**GIVEN RECORDS:**
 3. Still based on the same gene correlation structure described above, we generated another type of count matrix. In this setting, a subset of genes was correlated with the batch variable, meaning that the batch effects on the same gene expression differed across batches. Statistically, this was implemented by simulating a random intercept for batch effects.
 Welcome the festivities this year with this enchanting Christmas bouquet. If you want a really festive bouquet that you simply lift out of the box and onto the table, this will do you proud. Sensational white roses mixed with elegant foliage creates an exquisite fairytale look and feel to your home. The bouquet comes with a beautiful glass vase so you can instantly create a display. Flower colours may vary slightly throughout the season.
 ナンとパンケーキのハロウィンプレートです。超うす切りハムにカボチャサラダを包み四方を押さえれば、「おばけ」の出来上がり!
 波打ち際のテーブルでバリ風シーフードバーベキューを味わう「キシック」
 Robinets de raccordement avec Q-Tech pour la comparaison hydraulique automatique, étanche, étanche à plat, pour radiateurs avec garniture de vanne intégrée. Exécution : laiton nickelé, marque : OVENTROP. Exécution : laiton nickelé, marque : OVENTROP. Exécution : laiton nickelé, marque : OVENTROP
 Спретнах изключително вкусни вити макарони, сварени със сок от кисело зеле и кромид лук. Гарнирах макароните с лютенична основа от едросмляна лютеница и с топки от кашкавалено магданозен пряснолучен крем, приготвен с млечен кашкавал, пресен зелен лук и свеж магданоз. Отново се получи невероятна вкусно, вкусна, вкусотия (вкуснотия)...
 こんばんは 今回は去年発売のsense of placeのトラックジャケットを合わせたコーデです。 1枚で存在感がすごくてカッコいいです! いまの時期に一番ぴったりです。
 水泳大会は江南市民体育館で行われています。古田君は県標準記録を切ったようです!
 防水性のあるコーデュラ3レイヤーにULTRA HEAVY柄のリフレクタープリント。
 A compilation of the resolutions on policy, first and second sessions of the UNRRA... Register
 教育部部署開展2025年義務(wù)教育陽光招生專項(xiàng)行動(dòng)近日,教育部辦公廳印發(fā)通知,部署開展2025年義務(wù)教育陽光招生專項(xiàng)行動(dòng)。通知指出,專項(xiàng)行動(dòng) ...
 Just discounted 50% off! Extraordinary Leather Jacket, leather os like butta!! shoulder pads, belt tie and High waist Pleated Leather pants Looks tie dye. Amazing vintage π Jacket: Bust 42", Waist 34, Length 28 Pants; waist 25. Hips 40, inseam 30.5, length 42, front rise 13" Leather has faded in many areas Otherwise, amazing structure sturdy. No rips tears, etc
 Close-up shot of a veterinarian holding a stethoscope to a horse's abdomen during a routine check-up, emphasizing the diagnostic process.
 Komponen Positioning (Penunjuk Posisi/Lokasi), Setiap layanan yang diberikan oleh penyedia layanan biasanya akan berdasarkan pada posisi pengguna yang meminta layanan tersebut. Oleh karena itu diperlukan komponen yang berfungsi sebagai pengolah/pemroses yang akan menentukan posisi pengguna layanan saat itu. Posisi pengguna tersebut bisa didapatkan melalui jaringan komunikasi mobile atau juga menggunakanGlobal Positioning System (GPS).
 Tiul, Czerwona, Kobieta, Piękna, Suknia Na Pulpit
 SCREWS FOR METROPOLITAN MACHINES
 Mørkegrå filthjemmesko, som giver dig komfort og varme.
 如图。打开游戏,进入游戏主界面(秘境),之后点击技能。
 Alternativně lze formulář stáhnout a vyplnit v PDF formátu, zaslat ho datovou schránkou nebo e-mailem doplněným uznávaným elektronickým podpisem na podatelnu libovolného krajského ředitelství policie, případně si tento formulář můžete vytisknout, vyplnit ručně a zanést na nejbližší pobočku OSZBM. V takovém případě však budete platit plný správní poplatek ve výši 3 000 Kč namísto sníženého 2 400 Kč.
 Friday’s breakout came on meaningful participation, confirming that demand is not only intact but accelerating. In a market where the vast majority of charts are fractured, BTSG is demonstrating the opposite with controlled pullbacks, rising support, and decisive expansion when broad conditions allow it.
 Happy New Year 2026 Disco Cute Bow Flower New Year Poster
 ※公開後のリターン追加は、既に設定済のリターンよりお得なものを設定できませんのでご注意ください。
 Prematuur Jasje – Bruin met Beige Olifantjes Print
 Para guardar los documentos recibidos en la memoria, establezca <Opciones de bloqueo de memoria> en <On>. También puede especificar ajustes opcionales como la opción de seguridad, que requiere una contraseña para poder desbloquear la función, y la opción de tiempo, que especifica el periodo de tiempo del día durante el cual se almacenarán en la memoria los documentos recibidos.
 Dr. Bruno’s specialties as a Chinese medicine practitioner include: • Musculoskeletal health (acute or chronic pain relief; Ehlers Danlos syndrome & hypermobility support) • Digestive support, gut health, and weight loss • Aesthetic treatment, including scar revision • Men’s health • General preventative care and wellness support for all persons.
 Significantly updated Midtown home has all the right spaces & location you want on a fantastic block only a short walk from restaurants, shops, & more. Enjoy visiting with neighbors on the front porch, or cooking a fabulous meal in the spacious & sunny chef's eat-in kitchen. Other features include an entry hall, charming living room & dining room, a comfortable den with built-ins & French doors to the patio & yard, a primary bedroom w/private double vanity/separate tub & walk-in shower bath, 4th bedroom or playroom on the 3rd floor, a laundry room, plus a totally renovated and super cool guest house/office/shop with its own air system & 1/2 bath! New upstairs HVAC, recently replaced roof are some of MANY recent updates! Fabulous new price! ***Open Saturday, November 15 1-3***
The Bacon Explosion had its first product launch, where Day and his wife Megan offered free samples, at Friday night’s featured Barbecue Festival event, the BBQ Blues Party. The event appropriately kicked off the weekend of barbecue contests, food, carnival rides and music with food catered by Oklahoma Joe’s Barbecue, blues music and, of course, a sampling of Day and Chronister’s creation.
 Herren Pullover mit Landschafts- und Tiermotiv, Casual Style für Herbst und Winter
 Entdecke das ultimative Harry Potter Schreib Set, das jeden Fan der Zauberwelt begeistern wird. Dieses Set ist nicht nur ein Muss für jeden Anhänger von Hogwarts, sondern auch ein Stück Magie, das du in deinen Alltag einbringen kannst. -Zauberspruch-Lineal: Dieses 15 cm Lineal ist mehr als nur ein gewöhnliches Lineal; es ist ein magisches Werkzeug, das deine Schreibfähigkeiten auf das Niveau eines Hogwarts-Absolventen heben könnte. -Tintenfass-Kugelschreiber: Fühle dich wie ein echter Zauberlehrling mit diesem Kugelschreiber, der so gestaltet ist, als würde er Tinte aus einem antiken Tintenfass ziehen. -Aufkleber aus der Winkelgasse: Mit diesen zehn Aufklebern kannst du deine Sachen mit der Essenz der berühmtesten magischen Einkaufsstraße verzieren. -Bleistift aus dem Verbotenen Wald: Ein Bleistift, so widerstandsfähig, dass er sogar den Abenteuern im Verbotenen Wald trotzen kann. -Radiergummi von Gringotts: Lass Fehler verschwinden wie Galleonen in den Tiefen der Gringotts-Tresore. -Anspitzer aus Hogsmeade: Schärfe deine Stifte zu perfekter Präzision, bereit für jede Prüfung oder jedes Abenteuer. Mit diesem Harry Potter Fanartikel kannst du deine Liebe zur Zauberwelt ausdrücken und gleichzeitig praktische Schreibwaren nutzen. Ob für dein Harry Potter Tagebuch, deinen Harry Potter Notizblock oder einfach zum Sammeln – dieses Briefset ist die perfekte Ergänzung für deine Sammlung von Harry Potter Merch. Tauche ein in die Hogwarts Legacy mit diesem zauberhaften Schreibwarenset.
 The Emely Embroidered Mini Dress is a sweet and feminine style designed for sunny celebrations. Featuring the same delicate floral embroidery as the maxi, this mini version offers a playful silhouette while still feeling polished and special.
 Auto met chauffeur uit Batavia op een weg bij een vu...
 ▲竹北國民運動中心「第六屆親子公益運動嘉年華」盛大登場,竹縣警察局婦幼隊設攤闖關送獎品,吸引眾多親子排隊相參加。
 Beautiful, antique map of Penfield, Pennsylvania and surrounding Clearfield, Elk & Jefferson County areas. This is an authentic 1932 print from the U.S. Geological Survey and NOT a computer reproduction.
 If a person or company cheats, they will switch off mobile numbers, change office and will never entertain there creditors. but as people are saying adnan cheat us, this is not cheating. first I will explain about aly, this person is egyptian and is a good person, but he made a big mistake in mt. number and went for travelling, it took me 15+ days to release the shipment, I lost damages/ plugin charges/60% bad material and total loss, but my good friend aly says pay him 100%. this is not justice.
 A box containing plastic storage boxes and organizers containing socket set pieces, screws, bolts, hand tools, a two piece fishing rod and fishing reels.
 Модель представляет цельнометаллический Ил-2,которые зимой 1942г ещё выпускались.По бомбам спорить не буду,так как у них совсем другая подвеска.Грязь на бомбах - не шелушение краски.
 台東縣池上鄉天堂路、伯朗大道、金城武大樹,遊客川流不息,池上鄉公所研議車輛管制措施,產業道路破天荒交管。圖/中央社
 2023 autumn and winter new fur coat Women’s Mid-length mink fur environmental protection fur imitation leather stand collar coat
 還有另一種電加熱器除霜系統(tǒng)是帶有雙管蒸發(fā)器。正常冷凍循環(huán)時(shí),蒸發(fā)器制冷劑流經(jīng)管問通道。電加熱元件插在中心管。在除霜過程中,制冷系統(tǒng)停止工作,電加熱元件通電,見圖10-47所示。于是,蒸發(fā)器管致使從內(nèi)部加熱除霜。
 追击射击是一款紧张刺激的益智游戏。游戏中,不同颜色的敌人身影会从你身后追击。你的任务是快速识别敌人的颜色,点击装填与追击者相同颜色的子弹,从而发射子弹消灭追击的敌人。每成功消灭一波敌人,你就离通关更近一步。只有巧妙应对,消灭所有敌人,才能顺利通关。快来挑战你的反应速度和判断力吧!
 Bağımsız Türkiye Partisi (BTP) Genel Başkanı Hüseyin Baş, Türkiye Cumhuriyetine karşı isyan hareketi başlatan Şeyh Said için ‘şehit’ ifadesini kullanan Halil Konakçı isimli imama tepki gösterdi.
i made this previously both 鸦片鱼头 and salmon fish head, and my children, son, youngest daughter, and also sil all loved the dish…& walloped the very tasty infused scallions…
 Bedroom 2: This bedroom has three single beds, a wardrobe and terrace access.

**PROBLEM TO WORK ON:**
What is the number of lines in the data that include the word "support"? State only that number.

**ANSWER SECTION:**
2